Quantitative (psychometric, pre/post-test) and qualitative findings reflecting impacts associated with this program will be presented, along with a description of the program itself.


Glen Wiseman has over 15 years emergency nursing experience. He has a passion for education and improving service delivery and has found a perfect fit working as the clinical nurse educator and clinical nurse consultant. With encouragement from colleagues Glen has gained experience in meditation facilitation and supporting staff in developing strategies to deliver compassionate care.

Improving care for people with Parkinson’s disease presenting to an Emergency Department: Implementing a care bundle

Prof. Margaret Fry1,3, Mrs Marion Harris2

1University of Technology Sydney, Broadway, Australia, 2Hornsby Hospital NSLHD, Hornsby , Australia, 3Northern Sydney Local Health District, Royal North Shore Hospital, Australia

Introduction:  Hospital presentations to the Emergency Department (ED) can be traumatic for people with Parkinson’s disease (PD) due to the complexity of clinical management and medication regimens and the potential side effects. As a result care can be compromised if not coordinated well, medication regimens are not maintained and or inappropriate prescribing of PD medicines.

Method:  This was a study evaluating the implementation of a care in one Sydney ED. The evaluation involved a pre-post medication record audit, patient interviews and nurse surveys. The care bundle included a: clinical pathway, education program and a learning package, electronic medical record prompt, patient sticker for the medical record, multidisciplinary involvement and clinician electronic alerts, and ED based PD medications.

Results: The pre-post medication audit identified a 13% improvement in the correct prescription of PD medications, although this was not statistically significant (X2 2.101df 2 p=.147).  There was a 21% improvement in timely PD administration in the pre-post audit which was statistically significant (X2 4.024 df 2 p=.041). Twenty-nine patient telephone interviews were conducted with the majority male (n=22, 76%), average age 78years, living in their own home (n=11 38%), with a PD disease duration 7.1years. ED nursing knowledge survey response rate was 51% (n=30).  The majority (n= 25; 84%) of respondents were female with a median of 9.3 years nursing experience and 5 years ED experience. Post care bundle implementation identified improvement in pharmacy alerts (100%) and reviews (76%), medication documentation (94%) and PD sticker usage (74%).

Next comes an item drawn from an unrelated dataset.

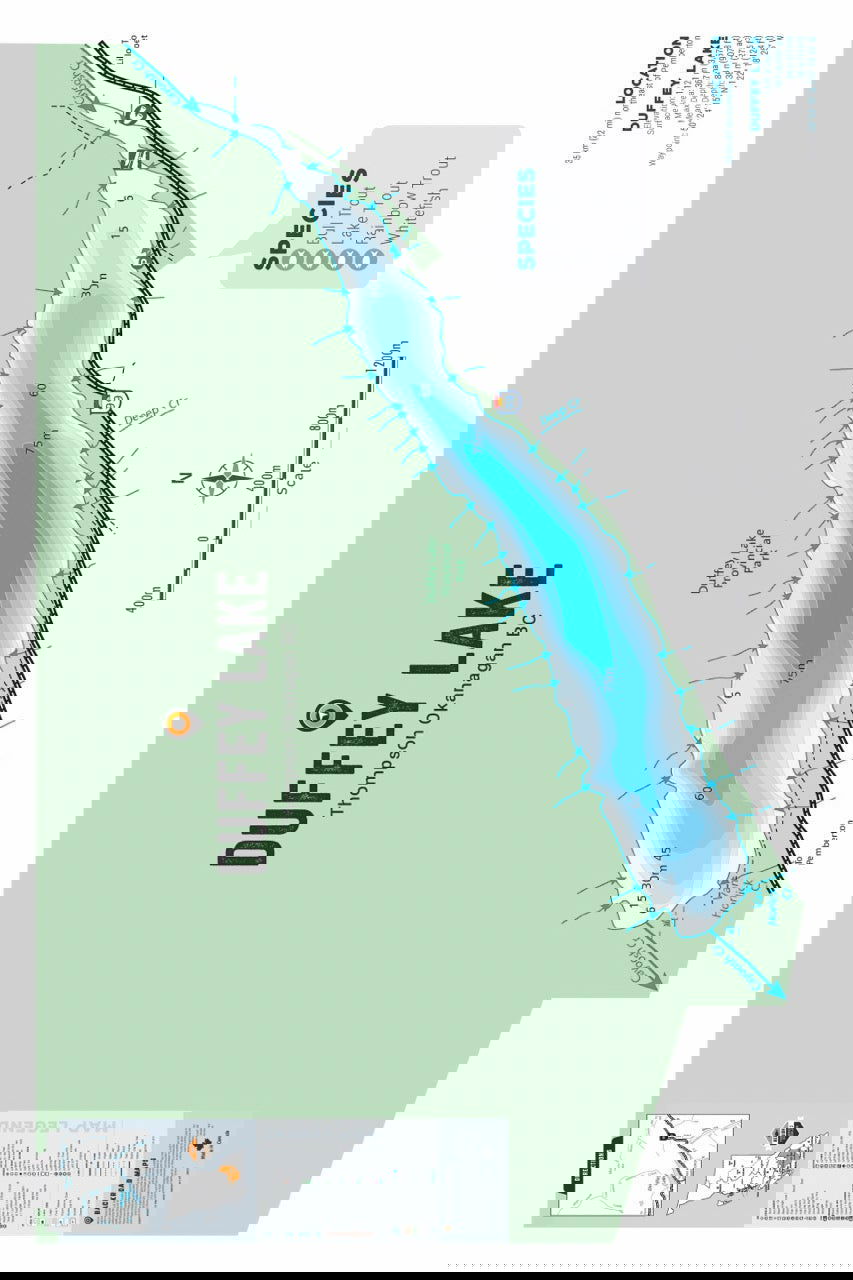 This Fishing Chart covers Duffey Lake on Thompson Okanagan, BC. Resting in BC Fishing Region 3, the map features the lake bathymetry (or lake depths) and shore features including boat launches, campsites, fishing docks, parks and resorts. In addition to road or trail access points, the map also includes the lake location and information such as elevation, surface area, mean and maximum depth, and waypoint. Additional features include the fish species found in the lake, an area indicator or map key, scale bar and map legend.

Conclusion: Implementation of the ED care bundle has led to early identification of patients with PD, improved medication regimens, increased nursing knowledge, multidisciplinary engagement, improved documentation, and consistency in pathway adherence, improved patient satisfaction, and access to PD information.


Professor Fry is Director of Research and Practice Development for Northern Sydney Local Health District and holds a Professorial Chair position with the University of Technology Sydney. Professor Fry has a strong emergency care background, has held CNC positions and is an authorised Nurse Practitioner (NSW). Professor Fry has extensive senior nursing experience and a proven research track with 118 peer reviewed publications and over $2.2million in grant, research tenders and or scholarship funding.